I used to cross country ski for hours from my front door. Then we moved to the Champlain Valley, where I’ve not yet gotten in the habit of driving to snow, so aside from running and walking outside, I’ve been looking around my house more than usual.
It’s fair to say that it filled up quickly when we moved to a smaller one and at the same time absorbed our parents’ belongings after they died. But I’ve long desired a clutter free house, so when someone suggested I read the enormously popular book “The Life Changing Magic of Tidying Up” by Marie Kondo, I was ready.
But after a few chapters, hesitancy crept in, along with indignation and even some downright disgust. Kondo, by the way, would be quick to point out that this isn’t about her but about my own “issues.” And she’d be right.
In the early ‘70s I lived on a farm in Plainfield and I well remember walking a fussy baby in the house one spring night as my husband, taking advantage of a dry stretch, was out plowing at 10pm with the tractor’s lights on. It struck me then that the back to the land movement and women’s liberation weren’t likely to coexist peacefully.

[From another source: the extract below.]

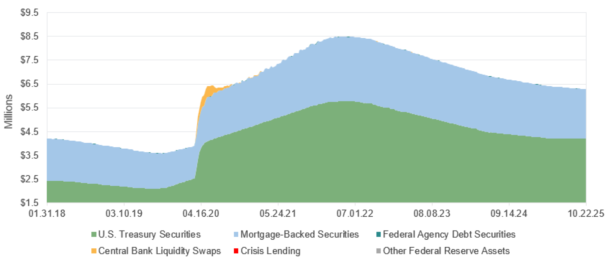 The Fed continued to lower rates again at this week’s meeting following September’s rate cut, lowering the range on the fed funds rate to 3.75%-4.00%. The Fed cited a weaker job market as job gains have slowed, and the unemployment rate has edged up. The Fed acknowledged that downside risks to employment have risen in recent months. The Fed also announced the end of their balance sheet run-off, known as Quantitative Tightening (QT), beginning December 1. The Fed’s balance sheet ballooned to over $8.6 trillion in 2022 coming out of the pandemic, but has since been reduced by more than $2 trillion, bringing the balance below $6.6 trillion, its lowest level since 2020.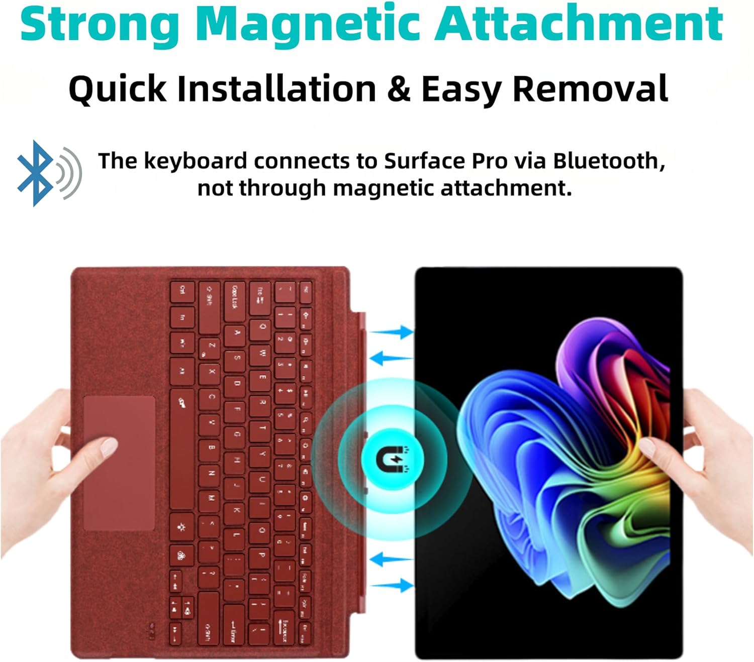 Keyboard for Microsoft Surface Pro Copilot+ (11th Edition) / Pro 11 / Pro 10 / Pro 9 / Pro 8 / Pro X, 13 inch, Detachable Type Cover with Touchpad, 7-Color Backlit & Pen Holder (Poppy Red)

And so it is with “tidying up” – an annoying term, by the way, that attempts to sugar coat a process that has more down sides than you might think.
Kondo’s love of trash bags, for example, and her pride in mentioning how much her clients have discarded, runs contrary to our current desire to reduce waste. Certainly we’d have less stuff in our houses, but our landfills would burst their seams. She does make cursory mention of recycling, but her love of heaving is flagrant and, I might suggest with a grin, may say a lot about her issues. But I digress.
What also gets me is her startling anthropomorphism of objects. We’re supposed to thank discards for filling a need in our lives before we chuck them into a trash bag destined for the dump, after which I can’t resist imagining their wailing through eternity in a hell like the one in Van Eyck’s “Last Judgment.”
Kermit the Frog has famously noted, “It’s not easy being green,” and the frog was right. Offloading things we no longer need is a task to be done slowly and carefully, minimizing waste, sharing with others and freeing ourselves to focus elsewhere, on a community in need, a vocation put aside, a love neglected or snow in the hills.